> _PROVIDED DATA_
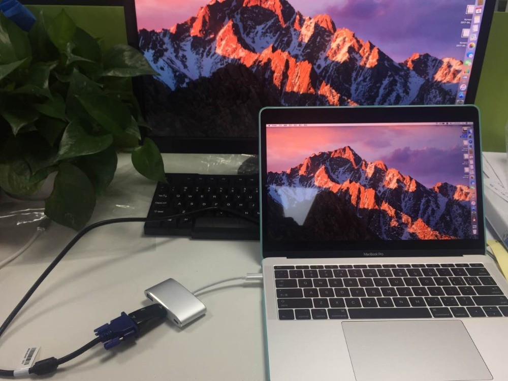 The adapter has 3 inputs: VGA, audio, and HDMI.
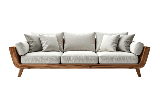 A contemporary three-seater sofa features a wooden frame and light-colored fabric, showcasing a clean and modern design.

---

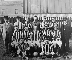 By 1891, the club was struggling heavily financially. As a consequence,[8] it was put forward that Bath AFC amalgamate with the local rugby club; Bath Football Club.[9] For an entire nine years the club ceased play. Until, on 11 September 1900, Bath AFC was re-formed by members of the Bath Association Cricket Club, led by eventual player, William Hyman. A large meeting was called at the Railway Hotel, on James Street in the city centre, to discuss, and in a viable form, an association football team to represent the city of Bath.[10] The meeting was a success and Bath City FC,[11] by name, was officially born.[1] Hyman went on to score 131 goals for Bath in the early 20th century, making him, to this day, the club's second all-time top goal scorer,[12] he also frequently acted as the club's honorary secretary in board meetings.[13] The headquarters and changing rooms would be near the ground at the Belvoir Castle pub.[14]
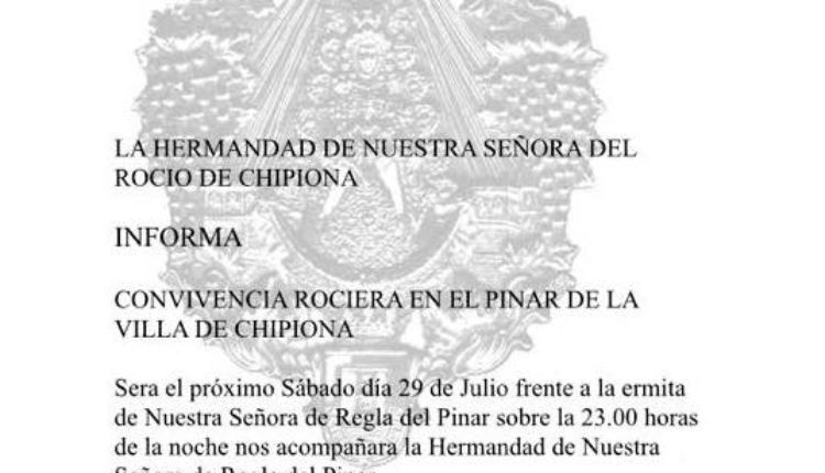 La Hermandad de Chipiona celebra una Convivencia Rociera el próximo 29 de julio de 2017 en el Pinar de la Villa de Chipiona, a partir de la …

* * *

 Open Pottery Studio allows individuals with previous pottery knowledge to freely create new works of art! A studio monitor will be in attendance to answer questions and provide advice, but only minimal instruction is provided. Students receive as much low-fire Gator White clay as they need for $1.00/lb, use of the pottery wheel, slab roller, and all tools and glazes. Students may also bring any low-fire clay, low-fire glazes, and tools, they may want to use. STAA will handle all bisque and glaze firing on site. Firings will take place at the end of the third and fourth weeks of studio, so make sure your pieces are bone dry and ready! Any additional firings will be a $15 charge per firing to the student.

> _DIRECTIONS_
For this exercise, return exactly the lines above from the line with "By 1891, the" through the line with "La Hermandad de", both included. Do not copy the pictures.

> _ANSWER BOX_
 By 1891, the club was struggling heavily financially. As a consequence,[8] it was put forward that Bath AFC amalgamate with the local rugby club; Bath Football Club.[9] For an entire nine years the club ceased play. Until, on 11 September 1900, Bath AFC was re-formed by members of the Bath Association Cricket Club, led by eventual player, William Hyman. A large meeting was called at the Railway Hotel, on James Street in the city centre, to discuss, and in a viable form, an association football team to represent the city of Bath.[10] The meeting was a success and Bath City FC,[11] by name, was officially born.[1] Hyman went on to score 131 goals for Bath in the early 20th century, making him, to this day, the club's second all-time top goal scorer,[12] he also frequently acted as the club's honorary secretary in board meetings.[13] The headquarters and changing rooms would be near the ground at the Belvoir Castle pub.[14]
 La Hermandad de Chipiona celebra una Convivencia Rociera el próximo 29 de julio de 2017 en el Pinar de la Villa de Chipiona, a partir de la …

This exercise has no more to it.